An exact reproduction of the listing is wanted, with the pictures dropped.

══ Available data ══

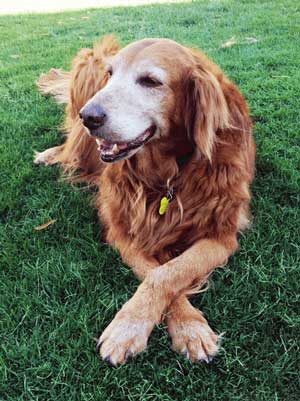 We adopted Macee from Rescue a Golden in the summer of 2012. She immediately become a member of our family and our other Golden, Gracie accepted her with open paws. Macee enjoyed trips to Rosie’s Dog Beach in Long Beach, CA swimming and playing fetch with the other dogs at the beach. She also enjoyed dog walks in the desert and loved to “sing” for her supper.
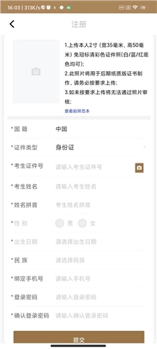 2、点击“考生注册”按钮,填写个人身份信息完成考生注册流程
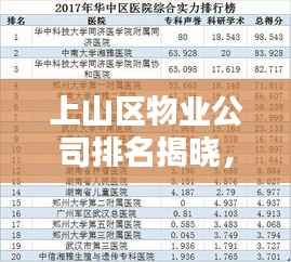 根据行业口碑、服务质量、管理水平、客户满意度等因素,上山区物业公司排名如下:
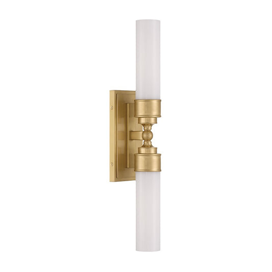 Crystorama Wilcox 2 Light Sconce, Aged Brass/White
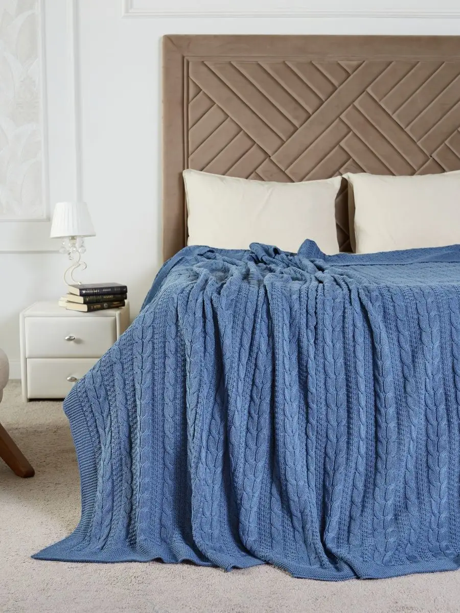 Вязаный плед 180х220 см от Российского бренда PULLTON изготовлен из 100% хлопка, что обеспечивает мягкость и комфорт при использовании. Однотонный дизайн и отсутствие рисунка позволяют пледу легко сочетаться с любым интерьером. Плед размером 180 на 220 см отлично подходит как покрывало для двуспальной кровати, дивана или кресла, как одеяло или как элемент декора. Он достаточно большой, чтобы обеспечить комфортное покрытие, и достаточно тонкий, чтобы не создавать лишнего объема. Хлопковый плед обладает рядом преимуществ, таких как теплоизоляция, воздухопроницаемость, гигроскопичность и экологичность. Он также прост в уходе и долговечен. Плед является универсальным аксессуаром, который можно использовать в различных помещениях и ситуациях. В спальне: как покрывало на кровати или как одеяло для сна. В гостиной: как накидка на диван или кресло, как дополнительный элемент декора или как плед для отдыха на полу. В детской комнате: как одеяло или покрывало на детскую кроватку, как игровой коврик для ребенка. На даче: как покрывало или как одеяло на террасе или в беседке. На пикнике: как одеяло, на котором можно сидеть или лежать, как защита от солнца или от прохлады. Хлопковый плед может стать прекрасным подарком на любой праздник, например, на день рождения, Новый год, Рождество, 8 марта, 23 февраля или просто как знак внимания. Он станет прекрасным выбором для создания уютной новогодней атмосферы в доме! Данная модель пледа доступна в различных размерах, включая 120x220 см, 150X200 см, 160x220 см, 200X220 см и 220X240 см. Вы можете выбрать наиболее подходящий размер в зависимости от ваших предпочтений и целей использования пледа. Обращаем ваше внимание, плед достаточно тяжелый, т.к. выполнен из 100% хлопка и это является преимуществом нашего изделия. Изделие из натурального хлопка не будет таким легким, как синтетические пледы: пушистый, плюшевый, флисовый и другие. \n!!ВНИМАНИЕ!! Оттенки пледа могут незначительно отличаться от изображений на сайте. Это связано с особенностями поставок пряжи — возможны небольшие вариации цвета в полутонах.
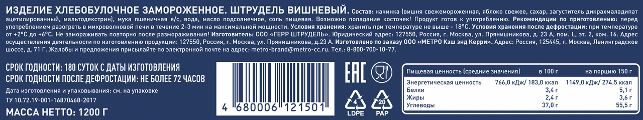 METRO Chef Штрудель вишневый 8 порций замороженный, 1.2кг – это прекрасная идея десерта для подачи на праздничный стол. Продукт изготовлен по традиционному рецепту из натуральных ингредиентов, поэтому отличается классическим вкусом и ароматом. Благодаря особой технологии заморозки после разогревания все качества штруделя остаются неизменными. Лакомство можно держать в морозильной камере на случай прихода нежданных гостей, оно будет готово за 3 минуты в микроволновой печи.
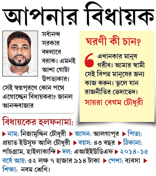 এখন বিধায়ক হিসেবে কী কী করতে চান? দীর্ঘ তালিকা তুলে ধরেন আলগাপুরের বিধায়ক। বললেন, ‘‘যখন প্রার্থী ছিলাম অনেক প্রতিশ্রুতি দিয়েছি। এখন বিধায়ক। তাই আমাকে সে সব প্রতিশ্রুতি রূপায়ণে কাজ করতে হবে।’’ তাঁর কথায়, এলাকার গরিব মানুষের পাশে থেকে কাজ করবেন তিনি। তাঁর কাছে এসে কোনও মানুষ যাতে নিরাশ হয়ে না ফেরেন, সে দিকে তীক্ষ নজর তাঁর। আলাগাপুরে সমস্যা অনেক। পানীয় জল, রাস্তাঘাট, হাসপাতাল, বিদ্যুৎ, বিদ্যালয়ের সমস্যা-সহ হাজারো মুশকিলের ঘেরাটোপে বন্দি এই বিধানসভা আসন। তাঁর কথায়, ‘‘আমাকে এই সব সমস্যার সমাধান করতে হবে। বিভিন্ন সময়ে সরকার পরিবর্তন হলেও এই এলাকায় কখনও পরিবর্তনের ছোঁয়া লাগেনি। গভীর অন্ধকারে ডুবে আছে এই অঞ্চলের বিস্তীর্ণ এলাকা।’’ সমস্ত সমস্যা কাটিয়ে উঠে আলগাপুর একদিন শহর হবে— এখন এই স্বপ্ন দেখেন নিজামুদ্দিন চৌধুরী।

═══

## Solution to this task:
 We adopted Macee from Rescue a Golden in the summer of 2012. She immediately become a member of our family and our other Golden, Gracie accepted her with open paws. Macee enjoyed trips to Rosie’s Dog Beach in Long Beach, CA swimming and playing fetch with the other dogs at the beach. She also enjoyed dog walks in the desert and loved to “sing” for her supper.
 2、点击“考生注册”按钮,填写个人身份信息完成考生注册流程
 根据行业口碑、服务质量、管理水平、客户满意度等因素,上山区物业公司排名如下:
 Crystorama Wilcox 2 Light Sconce, Aged Brass/White
 Вязаный плед 180х220 см от Российского бренда PULLTON изготовлен из 100% хлопка, что обеспечивает мягкость и комфорт при использовании. Однотонный дизайн и отсутствие рисунка позволяют пледу легко сочетаться с любым интерьером. Плед размером 180 на 220 см отлично подходит как покрывало для двуспальной кровати, дивана или кресла, как одеяло или как элемент декора. Он достаточно большой, чтобы обеспечить комфортное покрытие, и достаточно тонкий, чтобы не создавать лишнего объема. Хлопковый плед обладает рядом преимуществ, таких как теплоизоляция, воздухопроницаемость, гигроскопичность и экологичность. Он также прост в уходе и долговечен. Плед является универсальным аксессуаром, который можно использовать в различных помещениях и ситуациях. В спальне: как покрывало на кровати или как одеяло для сна. В гостиной: как накидка на диван или кресло, как дополнительный элемент декора или как плед для отдыха на полу. В детской комнате: как одеяло или покрывало на детскую кроватку, как игровой коврик для ребенка. На даче: как покрывало или как одеяло на террасе или в беседке. На пикнике: как одеяло, на котором можно сидеть или лежать, как защита от солнца или от прохлады. Хлопковый плед может стать прекрасным подарком на любой праздник, например, на день рождения, Новый год, Рождество, 8 марта, 23 февраля или просто как знак внимания. Он станет прекрасным выбором для создания уютной новогодней атмосферы в доме! Данная модель пледа доступна в различных размерах, включая 120x220 см, 150X200 см, 160x220 см, 200X220 см и 220X240 см. Вы можете выбрать наиболее подходящий размер в зависимости от ваших предпочтений и целей использования пледа. Обращаем ваше внимание, плед достаточно тяжелый, т.к. выполнен из 100% хлопка и это является преимуществом нашего изделия. Изделие из натурального хлопка не будет таким легким, как синтетические пледы: пушистый, плюшевый, флисовый и другие. \n!!ВНИМАНИЕ!! Оттенки пледа могут незначительно отличаться от изображений на сайте. Это связано с особенностями поставок пряжи — возможны небольшие вариации цвета в полутонах.
 METRO Chef Штрудель вишневый 8 порций замороженный, 1.2кг – это прекрасная идея десерта для подачи на праздничный стол. Продукт изготовлен по традиционному рецепту из натуральных ингредиентов, поэтому отличается классическим вкусом и ароматом. Благодаря особой технологии заморозки после разогревания все качества штруделя остаются неизменными. Лакомство можно держать в морозильной камере на случай прихода нежданных гостей, оно будет готово за 3 минуты в микроволновой печи.
 এখন বিধায়ক হিসেবে কী কী করতে চান? দীর্ঘ তালিকা তুলে ধরেন আলগাপুরের বিধায়ক। বললেন, ‘‘যখন প্রার্থী ছিলাম অনেক প্রতিশ্রুতি দিয়েছি। এখন বিধায়ক। তাই আমাকে সে সব প্রতিশ্রুতি রূপায়ণে কাজ করতে হবে।’’ তাঁর কথায়, এলাকার গরিব মানুষের পাশে থেকে কাজ করবেন তিনি। তাঁর কাছে এসে কোনও মানুষ যাতে নিরাশ হয়ে না ফেরেন, সে দিকে তীক্ষ নজর তাঁর। আলাগাপুরে সমস্যা অনেক। পানীয় জল, রাস্তাঘাট, হাসপাতাল, বিদ্যুৎ, বিদ্যালয়ের সমস্যা-সহ হাজারো মুশকিলের ঘেরাটোপে বন্দি এই বিধানসভা আসন। তাঁর কথায়, ‘‘আমাকে এই সব সমস্যার সমাধান করতে হবে। বিভিন্ন সময়ে সরকার পরিবর্তন হলেও এই এলাকায় কখনও পরিবর্তনের ছোঁয়া লাগেনি। গভীর অন্ধকারে ডুবে আছে এই অঞ্চলের বিস্তীর্ণ এলাকা।’’ সমস্ত সমস্যা কাটিয়ে উঠে আলগাপুর একদিন শহর হবে— এখন এই স্বপ্ন দেখেন নিজামুদ্দিন চৌধুরী।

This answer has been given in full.